# Hocking River Pike



## AthensAssassin (Sep 5, 2005)

I was on the Ohio DNR website and saw one of the top 10 weekly fishing picture was a nice northern from the Hocking. From the picture it looked to be a little downstream from whites mill. Has anyone ever caught a pike in the Hocking? I know I never have. Pretty cool though.


----------



## fishing_marshall (Jun 12, 2004)

I haven't either.
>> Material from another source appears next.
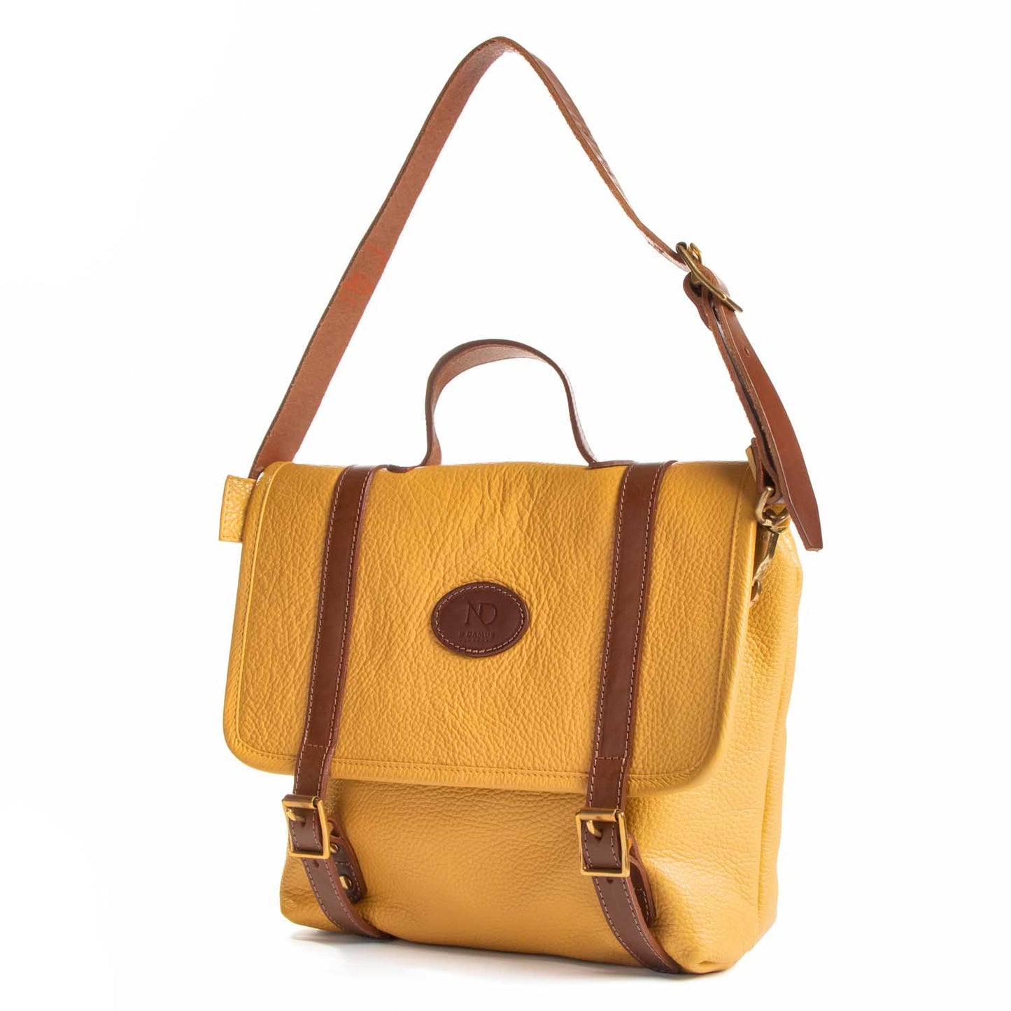 A luxury leather bag made with full grain, veg tanned luxury Italian leather illustrating the full natural characteristics of the cow hide used. The leather ages well boasting a characteristic patina over time.

It would be cool to hook into one on the hocking though.


----------



## RiverWader (Apr 1, 2006)

I've never seen nor heard of anyone catching one , But my great granddad always told me they were in there but were heavily fished during the 60's and 70's . I also would like to hook into one or two


----------



## BobcatJB (Mar 30, 2005)

That's my friend Nick with the pike, he caught it on a 1/16 white jig and twistertail lol...that same fish has followed our lures back to the bank several times since then


----------



## stream_stalker (May 10, 2006)

Hey guys. Yeah, that was my fish. Caught me by suprise, as I heard they where around but very far and few between. I'm not sure if that pool holds a few of them or if it's the same one, but I have had a pike fallow my jig to my feet and a friend of mine has as well. The fish went almost 30 inches and was caught on a jig like JB said and 4 pound test. I still don't know how it didn't bite the line.
SS


----------



## Dougerus (May 26, 2004)

I thought LINK would be nice !!

http://www.dnr.state.oh.us/wildlife/Images/fishing/top10/2006/06_03.jpg

Glad you put him back I would like to catch him/her someday too!


----------



## oufisherman (Apr 10, 2004)

Congrats on the fish! THat would definately be a blast to hook into. Maybe one day it will happen!


----------



## jeffmo (Apr 7, 2004)

real nice fish!
back in the early 80's we use to fish north of whites mill but never heard of anyone doing any good in the rerouted stretch of the river.
congrats!


----------



## stream_stalker (May 10, 2006)

Here is the full picture of the fish. The ODNR site cuts half of it off...


----------



## Mushijobah (May 4, 2004)

Damn dude NICE fish!


----------



## Fishing-Miller23 (Jul 16, 2005)

How big was that pike? Nice Fish!


----------



## mojo (Apr 12, 2004)

Real nice catch, I would be tossing some spoons in that hole to find out if they're more.


----------



## stream_stalker (May 10, 2006)

The fish was right around 30 inches. I have had another one or the same one fallow my jig to my feet and so has my friend. Same hole, not sure if it is the same fish or not though.


----------



## shagpoke (Jun 2, 2006)

my dad has caught 2 pike the last 2 years in the bellville pool one above the dam last year and one below the dam the year before. they weren"t as big as that one though , just hammerhandles.


----------